Now, I haven't looked at either because I can't see a picture anywhere on the internet. But I NEED to find a way to make this housing work. 

The part that user JBallou says has been updated includes a new check valve that combats the dry start up worries. He speaks of it on this post in the 3.6L failure thread: http://forums.vwvortex.com/showthre...ine-failed&p=70965422&viewfull=1#post70965422

Trust me, dry start up noise that you hear is that of your bearings making noise. How do I know? Well, the same noise I heard upon start up was the noise I heard when I spun my bearing. This can't be good for the motor and I'm sure it's only going to make my motor spin it's new bearings I just put in (spun 2 of them....cylinder 4 and 6).


----------



## JBallou (Jan 6, 2009)

It sounds like a different housing than the q7, but it could have a check valve. That is what really matters a check valve. Do yourself a win and order the part, save the reciept. Then give it a good hands on and see if it has a check valve. Thats what you need to do.
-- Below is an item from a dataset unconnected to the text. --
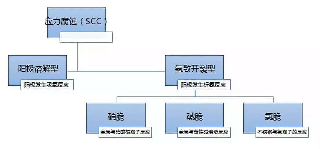 金属部件在特定的应力条件下,与各种腐蚀共同作用,导致部件在低于其强度极限的条件下脆性断裂的现象,称为应力腐蚀(SCC)。由于腐蚀形式的不同,应力腐蚀又可分为阳极溶解型应力腐蚀和氢致开裂型应力腐蚀,前者是部件在应力条件下产生氧腐蚀导致的应力腐蚀,后者是部件在特定应力条件下产生析氢反应所导致的应力腐蚀。氢致开裂型应力腐蚀又可细分为硝脆、碱脆、氯脆等。应力腐蚀在各个部位都有可能发生,特别是焊缝处或异径突变处。具体分类参照下图:

If no way to keep the oil up in the upper parts of the motor with some fancy valve or wierd passage, send it back. Get your money back.


----------



## JBallou (Jan 6, 2009)

You dont need to modify anything to put the one from the q7 in, your post speaks of a updated part # for the passsat.


----------



## nater (Apr 10, 2000)

JBallou said:


> You dont need to modify anything to put the one from the q7 in, your post speaks of a updated part # for the passsat.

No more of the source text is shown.